Twelve Days 2013: Reed–Solomon Codes
The Twelve Days of Christmas…err…Algorithms
Ok, so the “real” twelve days of Christmas starts on the 25th of December, but I like the idea of starting on the 12th. Starting today and ending Christmas Eve I’ll write about a different algorithm or data structure each day. These posts will be quick reads (except for this kickoff one) and range in complexity but they’ll all follow three simple rules:
- I’m only writing about things that I’ve used myself and that I hope are general enough to benefit others.
- If you don’t want commentary, every post will start with a TL/DR explaining the use with links to resources/implementations when applicable.
- They’ve gotta have a cool factor.
And with that, let’s start day one…
Day One: Reed–Solomon Codes
TL/DR
Reed–Solomon codes are a fast, super useful form of error correction that’s easily implemented in software. If you need to transmit data over a noisy channel (think UDP over WAN) or if you’re writing a file system/highly reliable data store, they’re your friend, especially for latency critical applications. There’s a high quality C implementation in QFS (Quantcast File System), based on the original implementation in KFS.
A Brief Introduction to Error Correction
Without error correcting codes, storing data on a hard drive, making a phone call, listening to music, or watching a DVD would all fall somewhere on the spectrum of “impossible” to “much less efficient.” Error correction is a beautiful application of pure math to a real world application. There’s a huge range of error correction/detection schemes but they come in two broad categories: backward error correction in which an error is detected and the data is re-requested, or forward error correction in which data is sent with enough redundancy to detect an error and correct for it.

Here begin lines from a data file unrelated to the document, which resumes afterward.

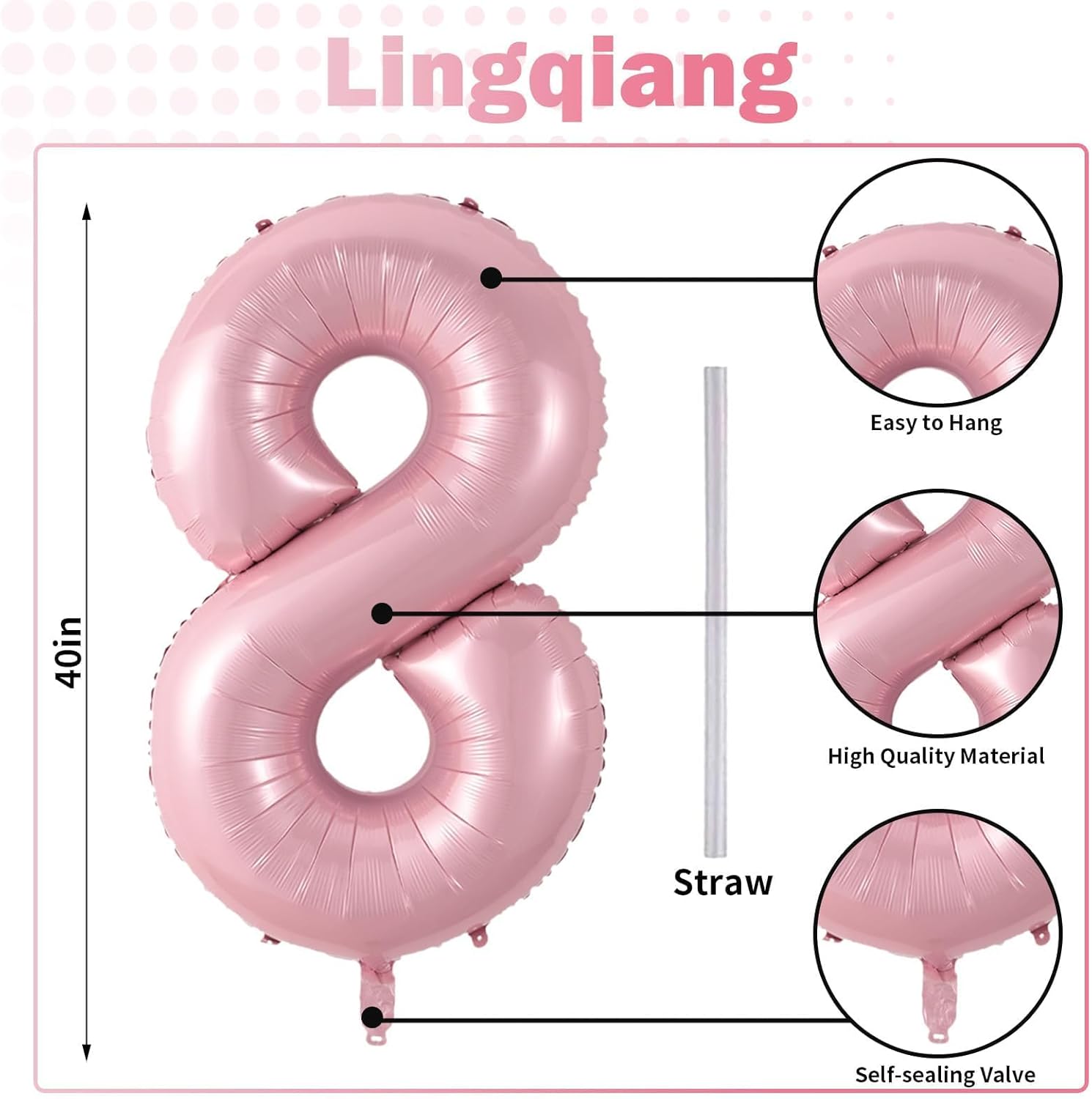 - š Repeated Use š - The pastel pink number 8 balloons set contains a straw that can be used to deflate the foil balloon, simply insert the straw into the valve and press gently until the gas is completely expelled. After use, it can be folded and stored for reuse.
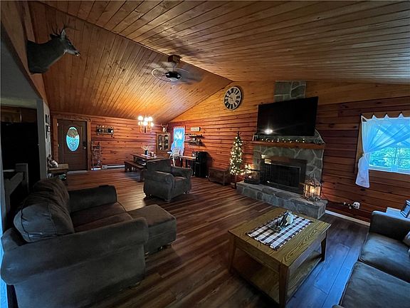 Surround yourself with nature, in this private location featuring a ranch style log home, situated on 18 acres, with beautiful views. Only 15 minutes from Morgantown, WV. Property has both cleared and wooded land, as well as freshly planted deer plots on it. Home features 2 bedrooms, and 2 full bathrooms, Large open concept living and dining area, kitchen with plenty of cabinetry, and fully finished basement, to include a family room and den. New luxury vinyl flooring throughout the main level of the home. Custom built wooden doors, and barn doors throughout, and updated bathrooms. Wood burning fireplace, and wood burning stove as well for those chilly nights. Storage shed, and carport included to house your tools and toys. Relax on the large covered front porch, or enjoy your evenings on the screened in back porch. If you are looking for country living and to be one with nature, this is a perfect home for you.
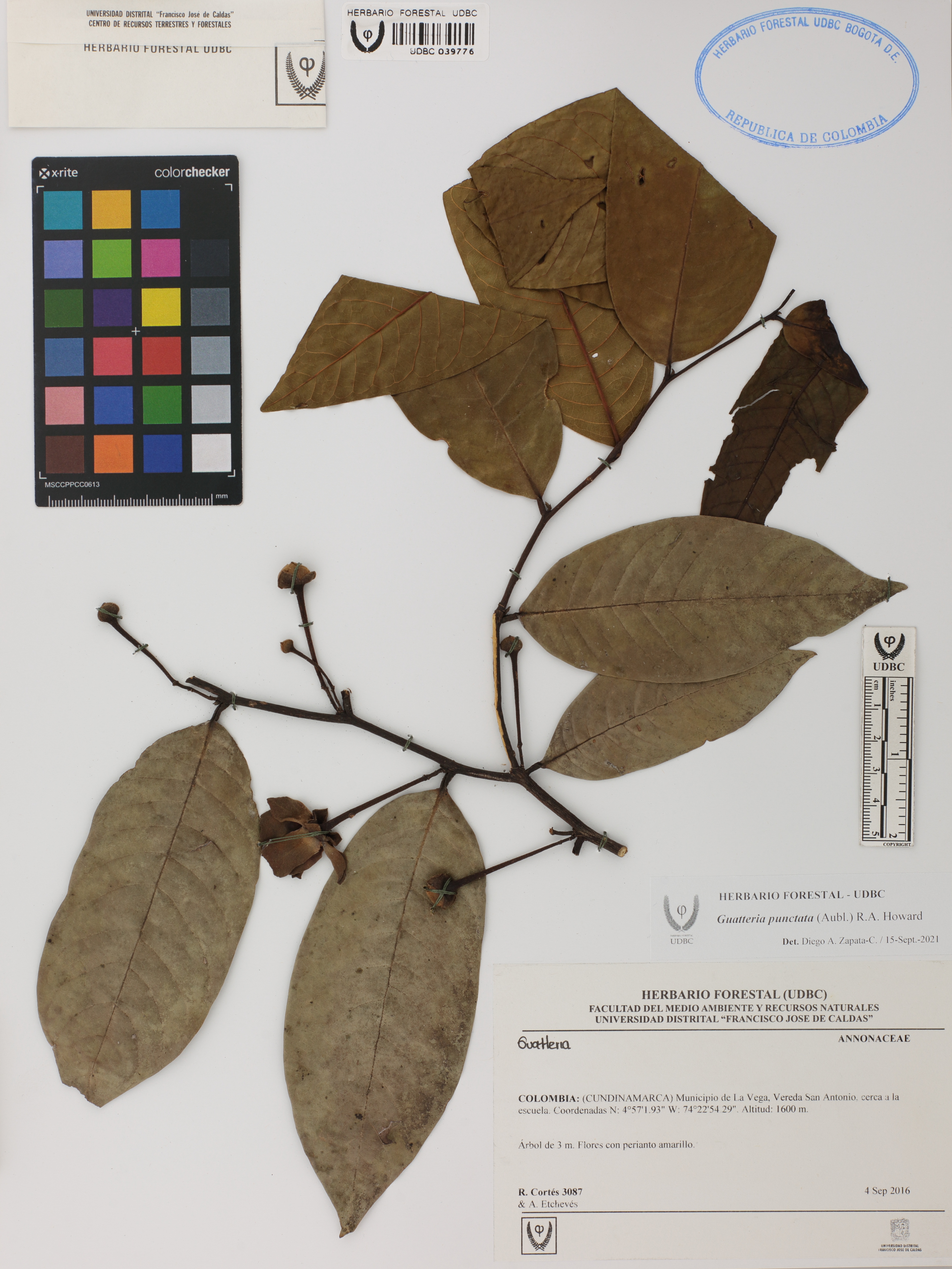 Fotografía del ejemplar Cortés, R. 3087, determinado como Guatteria punctata en el año 2021
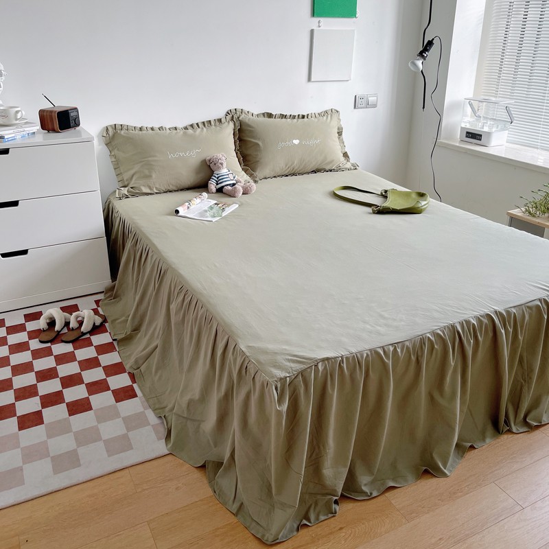 (总)六巷胡同 2022春夏新品ins风水洗棉单品床裙三件套
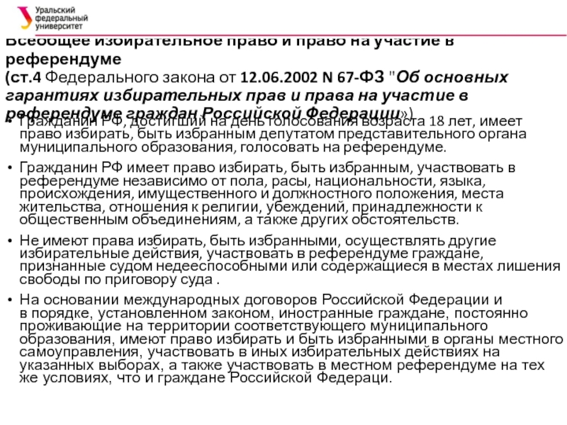 Гражданин РФ имеет право избирать, быть избранным, участвовать в референдуме независимо от пола, расы, национальности, языка, происхождения, имущественного и должностного положения, места жительства, отношения к религии, убеждений, принадлежности к общественным объединениям, а также других обстоятельств.
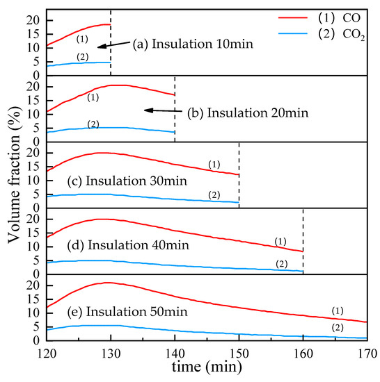 The influence of insulation time on the CO and CO2 contents in the off-gas.
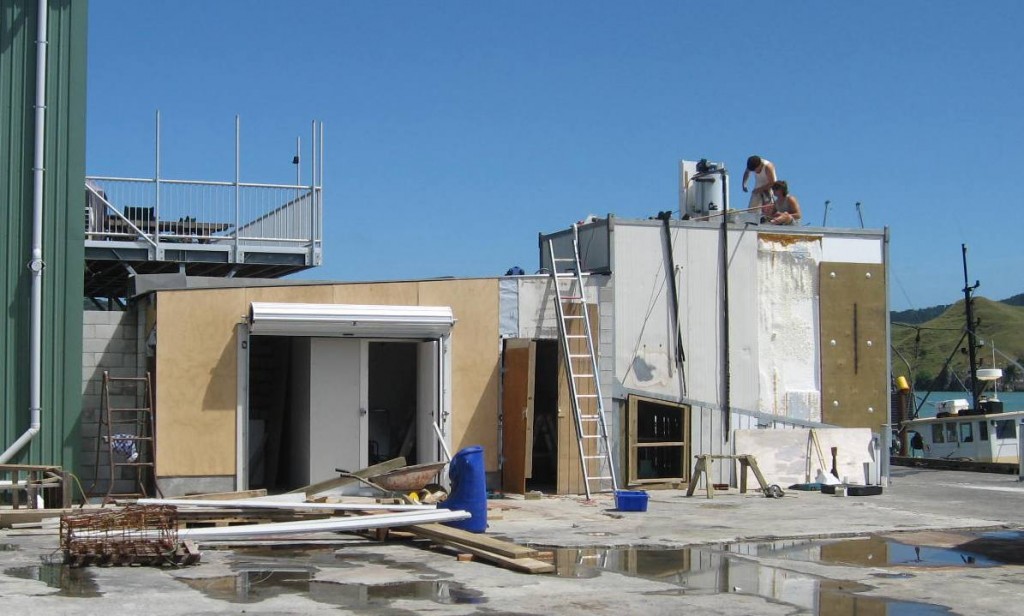Since April, Raglan Wharf has had no ice plant or cold storage. The major fire on April 13 destroyed the cold room and knocked the ice plant out of action. Initially commercial fishing operators and local iwi waited for the Waikato District Council, owner of the wharf, to get these facilities up and running. But when after eight months of waiting, Mark Mathers was told that it would be quicker if he did it, that’s just what he did. Mark as owner of Raglan Seafoods and also a Raglan builder knew just what was needed, so when WDC had approved his plans he started work immediately and the replacement facility is nearing completion.
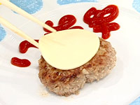 ケチャップで名前を書く。 |
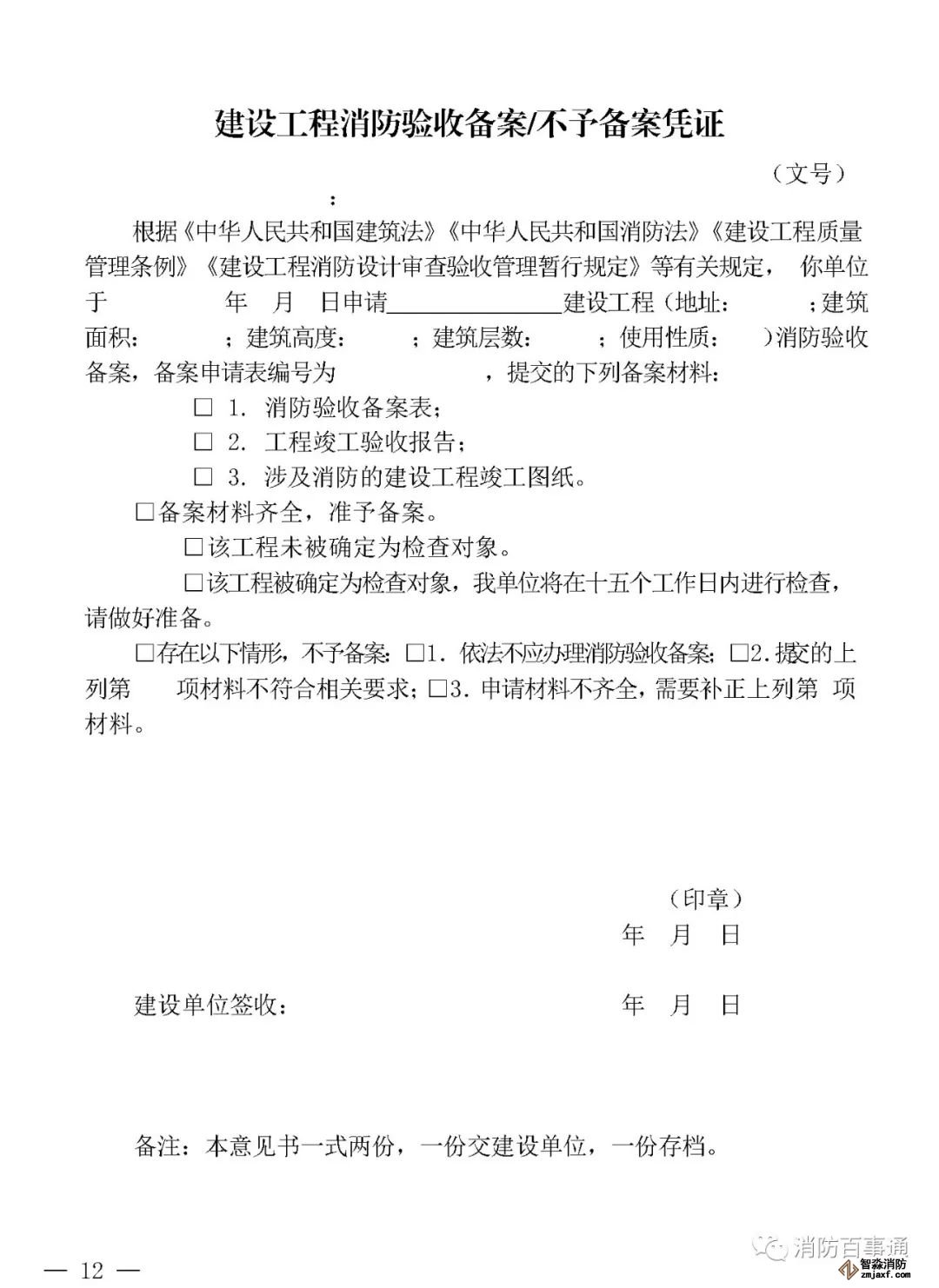 2.建設工程消防設計審查、消防驗收、備案和抽查文書式樣

Fundamental limits dictate the maximum efficiency of any error correction scheme. Within those limits, different schemes have their pros, cons and common use cases. One important consideration is the ease and efficiency of an implementation in hardware or software. Error correction is frequently applied real-time (think cellphone conversations or reading from a Blu-ray disk) so speed is often a primary concern on the encoding or decoding end, and sometimes both.
Reed–Solomon codes are a powerful and early example of error correction. They’re still in widespread use as they perform well and are relatively fast even when implemented without special hardware. Modern alternatives such as Turbo Codes are closer to the Shannon Limit but their decoding process is complex and higher latency. For Reed–Solomon, encoding is a simple linear operation, and decoding can be made efficient.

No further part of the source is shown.